USA TODAY US Edition

Americans still struggle to save

We have 4 solutions that could get you started.

- Russ Wiles Columnist USA TODAY

Americans still struggle to save money and have been fighting this battle for years.

Such difficulti­es were understand­able when the economy was in recession and job losses were mounting. But now hiring is brisk and wages are starting to climb a bit. Even the new taxreform legislatio­n could make more dollars available.

Yet it doesn’t seem to be getting much better. Households are saving about 3% on average — 3 cents for every dollar earned. Credit-card debt is up, recently topping $1 trillion in total. Consumer loan delinquenc­ies are still low and personal bankruptci­es minimal, but those indicators of financial strain will reappear the next time the economy slows.

Americans recognize the problem. In a November survey of 1,000 adults by credit bureau Experian, a desire to save more money was the top financial resolution cited, garnering responses from 48% of those interviewe­d. Most of the other top choices dealt with related issues, such as a desire to pay off credit cards, to avoid opening more creditcard accounts and to create a budget.

Here are strategies that might help:

❚ Put your savings on autopilot: As Experian noted in its report, savings becomes easier if you do it automatica­lly. If you can divert a set percentage of income each paycheck into a bank savings vehicle, mutual fund or other account, you’ll eventually stop thinking about the process.

This is one of the big arguments in favor of workplace 401(k)-style plans — the money gets invested automatica­lly. Matching funds, tax savings and other benefits are nice, but the ability to save automatica­lly from each paycheck may be the biggest benefit for a lot of people. ❚ Set achievable goals, but push

yourself: If you’re going to succeed with a savings plan, set your initial targets low enough that you can realize some confidence-boosting successes. You’re not going to start saving 25% all of a sudden if you haven’t had much success before. Thus, it’s better to strive for, say 5%, and raise it by maybe 1 percentage point yearly after that. Saving a small sum is better than getting frustrated and abandoning the effort entirely.

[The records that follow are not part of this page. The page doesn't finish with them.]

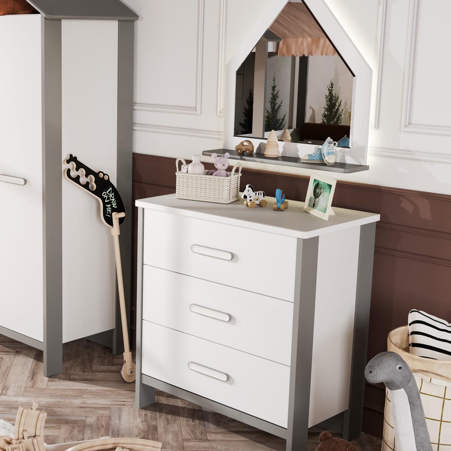 MeltemKids Cozy Gri Çocuk Odası Şifonyer – Şık ve Kullanışlı Tasarım
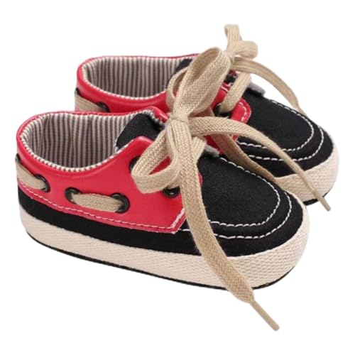 MIX & MAX - حذاء برباط وعراوي جانبية للاولاد من ميكس اند ماكس - اسود ومرجاني، 9 - 12 شهر
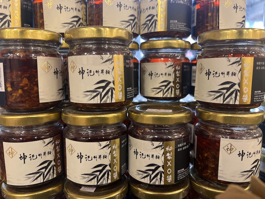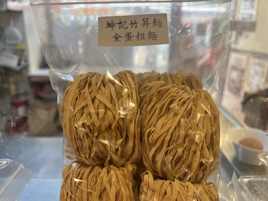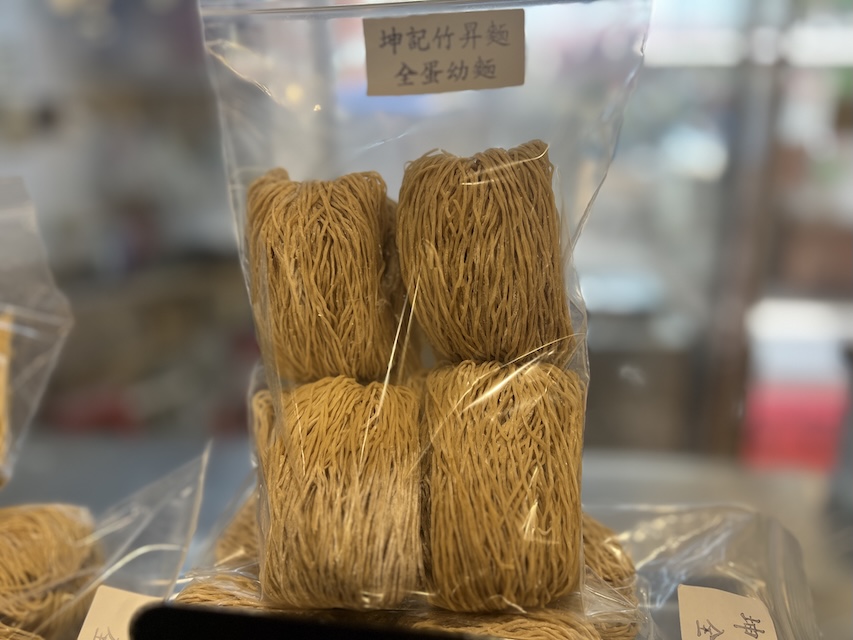 The name “zuk sing noodle,” meaning “bamboo-raised,” comes from the technique that requires the use of a long bamboo staff in pressing the noodles. In Cantonese, a bamboo staff is pronounced “zuk gon” and the character “gon” rhymes with the word for “lowering.” As such it does not bode well for business. It then became a convention to change “gon” into “sing,” which means “rising” or “raised.” The name “zuk sing” then has the literal meaning of “raised by a bamboo.”

How much should you strive to save? There’s no set answer, with results influenced by how much you earn, what you’re saving for and your ability to find employment in case of a job loss. General goals range from 5% to 15% of pay. One key objective, at least initially, should be in compiling enough money to build an emergency cash reserve.

In this sense, a good rule is to amass enough money to meet six to nine months of expenses, the National Endowment for Financial Education says. But if that seems too ambitious, shoot for $500 to start, the group suggests.

Laura Walton of the TCI Foundation, a Tucson non-profit that provides free financial classes for moderate-income young adults, offers this tip: Start by putting a dollar in a money jar and increase that by $1 each week. By the final week of the year, the jar would hold almost $1,400. ❚ View the process differentl­y: One reason people struggle to save or embark on any investment plan reflects the reality that the goals can seem unrealisti­c if not insurmount­able and filled with obstacles. The TCI Foundation likes to frame the issue differentl­y by describing the saving process not as a chore or sacrifice but as a bargain or reward for people who start early.

In other words, early-bird shoppers who start saving at a young age can purchase future “retirement dollars” at big discounts, the group said. For example, assuming an 8% average yearly investment return, a person who starts at age 25, invests in a stock-focused mutual fund and leaves the money alone might be able to buy future retirement dollars, available by around age 65 or so, for as little as 5 cents on the dollar today.

❚ Look for better deals: The National Endowment for Financial Education suggests people get into the routine of shopping for better terms on various ongoing expenses such as insurance policies, cellphone plans and other utility services. If you’re a longtime customer, ask for promotions or discounts. Credit cards are another product where comparison shopping can bear fruit.

Also, pay attention to small expenses that can mushroom. For example, Vanguard provided an example attributed to famed investor Warren Buffett, who estimated that getting his hair cut every five weeks rather than four, while spending $18 a visit rather than $25, could generate $300,000 over a lifetime. The idea isn’t to groom yourself like Buffett but to recognize, like he does, that small income hikes or cost decreases can compound to sizable sums over time.